- [MATERIAL FOR THIS TASK]
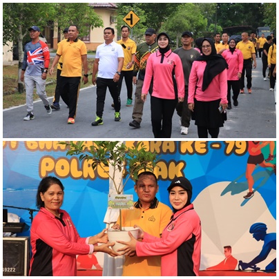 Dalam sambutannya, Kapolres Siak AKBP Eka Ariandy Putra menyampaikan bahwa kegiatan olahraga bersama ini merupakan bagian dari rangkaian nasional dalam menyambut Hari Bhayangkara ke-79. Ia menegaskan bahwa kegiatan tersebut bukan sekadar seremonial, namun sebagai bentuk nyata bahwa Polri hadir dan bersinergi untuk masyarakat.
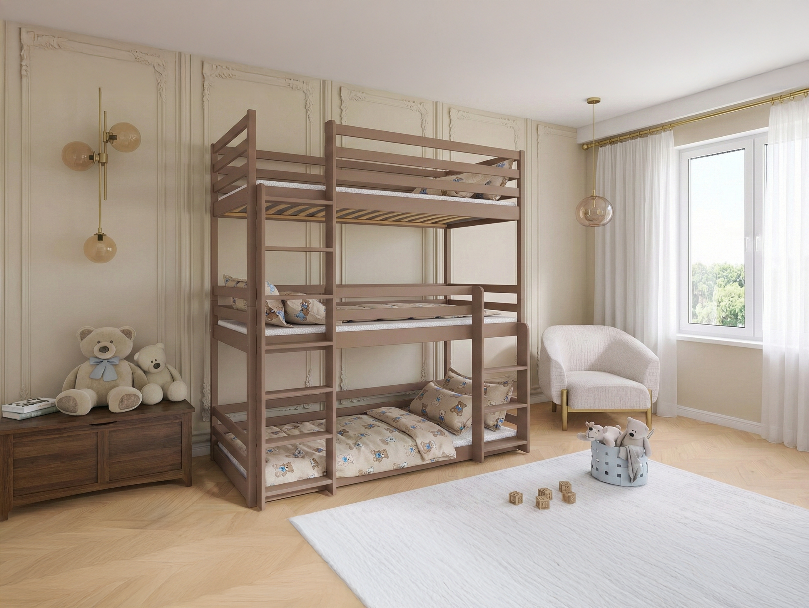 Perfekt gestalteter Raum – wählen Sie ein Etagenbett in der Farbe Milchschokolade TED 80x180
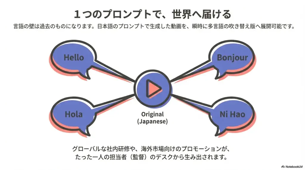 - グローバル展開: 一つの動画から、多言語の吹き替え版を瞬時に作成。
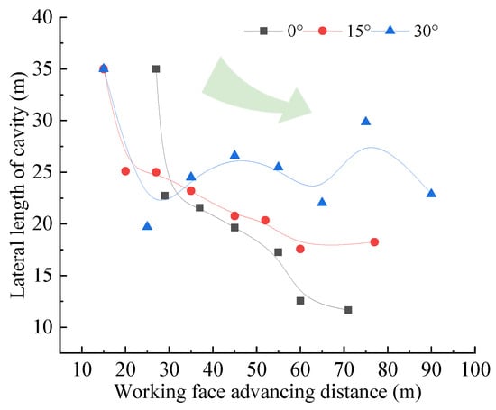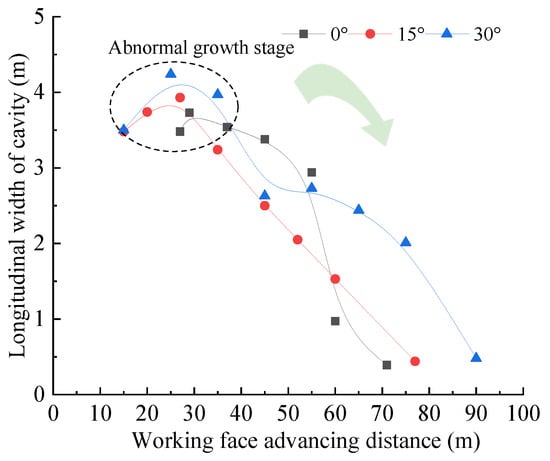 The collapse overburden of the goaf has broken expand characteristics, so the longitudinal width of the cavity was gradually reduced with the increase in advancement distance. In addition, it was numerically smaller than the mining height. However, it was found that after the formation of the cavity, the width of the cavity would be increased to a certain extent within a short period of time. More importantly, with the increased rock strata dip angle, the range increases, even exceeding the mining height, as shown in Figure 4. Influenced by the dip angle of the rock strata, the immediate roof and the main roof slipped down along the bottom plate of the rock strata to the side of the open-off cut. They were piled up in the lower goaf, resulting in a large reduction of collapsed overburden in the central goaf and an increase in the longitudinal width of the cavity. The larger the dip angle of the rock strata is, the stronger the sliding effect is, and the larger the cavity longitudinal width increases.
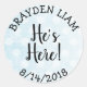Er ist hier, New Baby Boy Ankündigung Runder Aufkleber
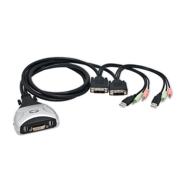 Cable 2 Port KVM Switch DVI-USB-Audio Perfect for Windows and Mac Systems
---
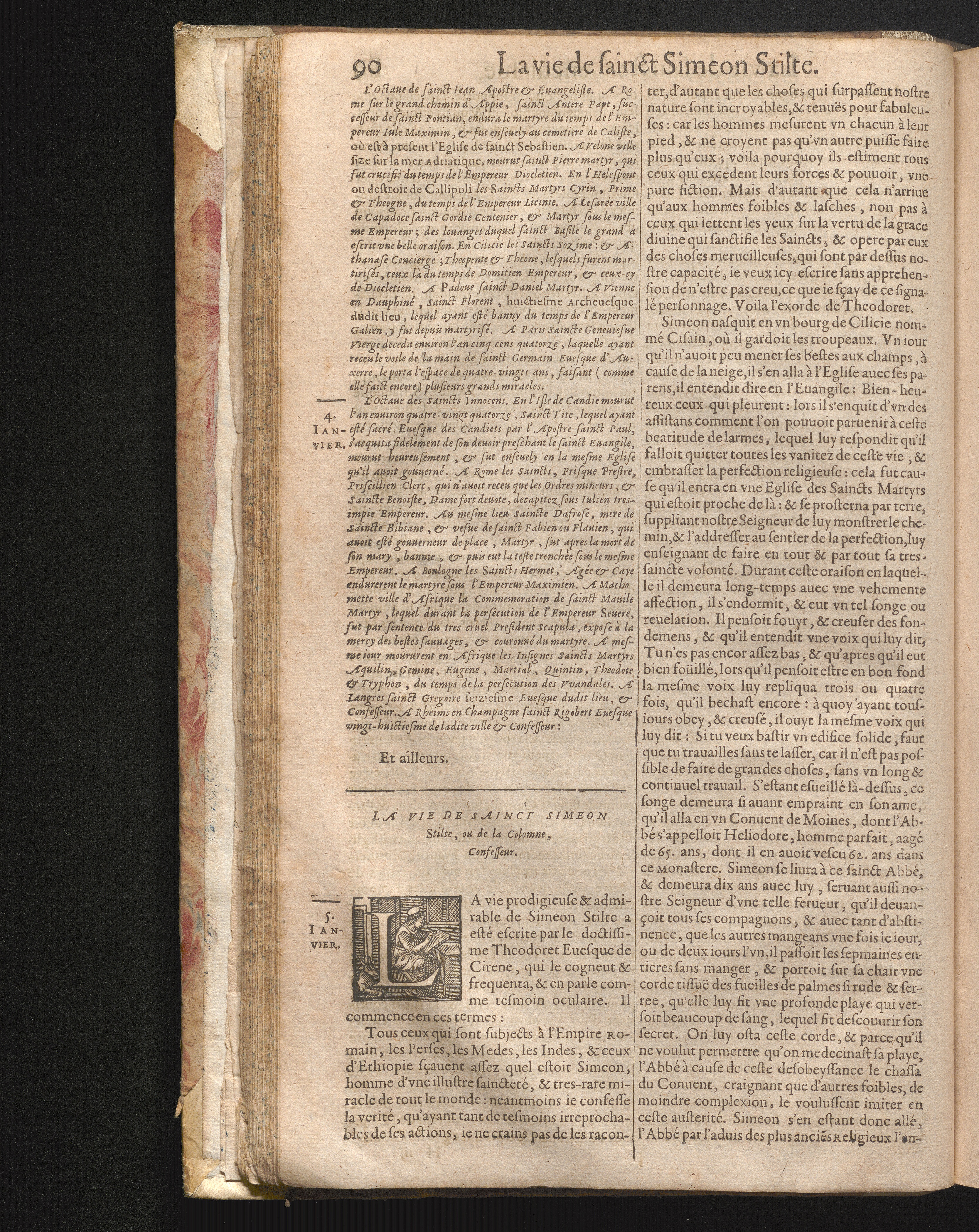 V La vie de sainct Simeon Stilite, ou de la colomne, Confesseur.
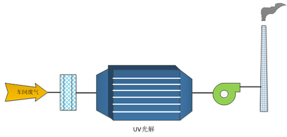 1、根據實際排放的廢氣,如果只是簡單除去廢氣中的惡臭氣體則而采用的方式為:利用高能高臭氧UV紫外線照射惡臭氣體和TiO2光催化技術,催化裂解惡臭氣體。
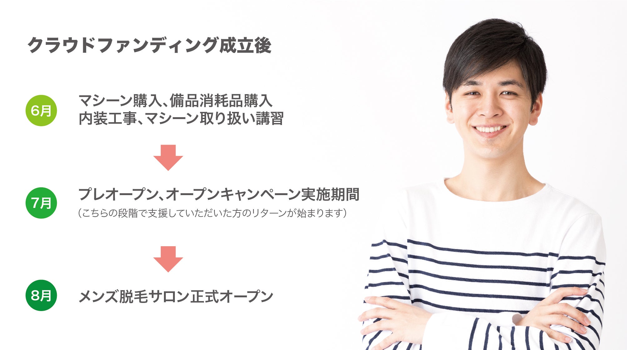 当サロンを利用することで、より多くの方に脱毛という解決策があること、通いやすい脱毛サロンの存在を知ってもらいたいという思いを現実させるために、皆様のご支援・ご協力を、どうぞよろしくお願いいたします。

- [WORK REQUIRED] Taking the entries above, copy word for word the lines from the one with "Er ist hier, New" up to and including the one with "Cable 2 Port", without any picture.

- [EXPECTED ANSWER]
Er ist hier, New Baby Boy Ankündigung Runder Aufkleber
 Cable 2 Port KVM Switch DVI-USB-Audio Perfect for Windows and Mac Systems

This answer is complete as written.